START AVAILABLE DATA

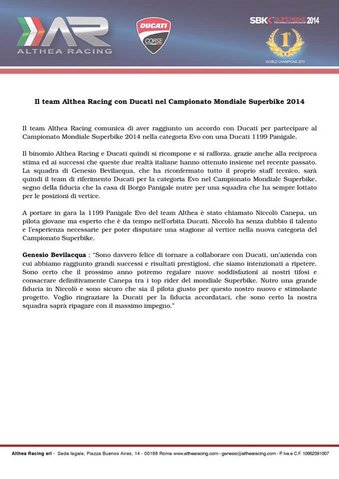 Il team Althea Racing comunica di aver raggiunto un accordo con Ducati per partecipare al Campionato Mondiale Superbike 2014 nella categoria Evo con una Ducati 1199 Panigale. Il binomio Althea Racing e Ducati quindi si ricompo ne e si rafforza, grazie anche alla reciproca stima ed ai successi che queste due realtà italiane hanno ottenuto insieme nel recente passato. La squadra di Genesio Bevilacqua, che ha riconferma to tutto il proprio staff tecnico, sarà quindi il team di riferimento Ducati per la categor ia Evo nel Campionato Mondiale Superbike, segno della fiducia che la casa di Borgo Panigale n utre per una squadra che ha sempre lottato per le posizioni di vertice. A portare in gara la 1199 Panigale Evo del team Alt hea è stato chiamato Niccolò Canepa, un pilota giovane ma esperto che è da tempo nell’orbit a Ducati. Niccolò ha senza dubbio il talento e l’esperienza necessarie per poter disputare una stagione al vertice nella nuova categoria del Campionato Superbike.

END AVAILABLE DATA
START AVAILABLE DATA

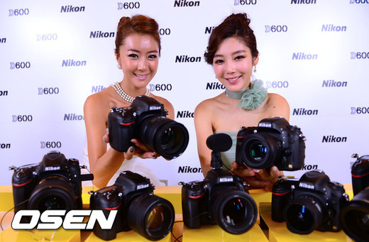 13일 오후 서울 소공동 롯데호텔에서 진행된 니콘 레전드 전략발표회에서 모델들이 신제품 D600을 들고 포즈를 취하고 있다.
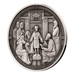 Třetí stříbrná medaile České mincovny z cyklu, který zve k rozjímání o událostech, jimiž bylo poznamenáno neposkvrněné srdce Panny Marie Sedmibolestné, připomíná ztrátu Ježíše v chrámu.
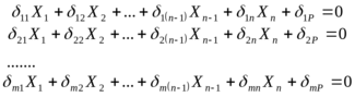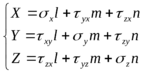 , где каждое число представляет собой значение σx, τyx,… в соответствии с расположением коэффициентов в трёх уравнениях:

END AVAILABLE DATA

• **WHAT YOU NEED TO DO**
If a picture sits between the line containing "Třetí stříbrná medaile" and the line containing "где каждое число", leave it out, and return the lines of that range above exactly, both ends included.

• **SOLUTION**
 Třetí stříbrná medaile České mincovny z cyklu, který zve k rozjímání o událostech, jimiž bylo poznamenáno neposkvrněné srdce Panny Marie Sedmibolestné, připomíná ztrátu Ježíše v chrámu.
 , где каждое число представляет собой значение σx, τyx,… в соответствии с расположением коэффициентов в трёх уравнениях:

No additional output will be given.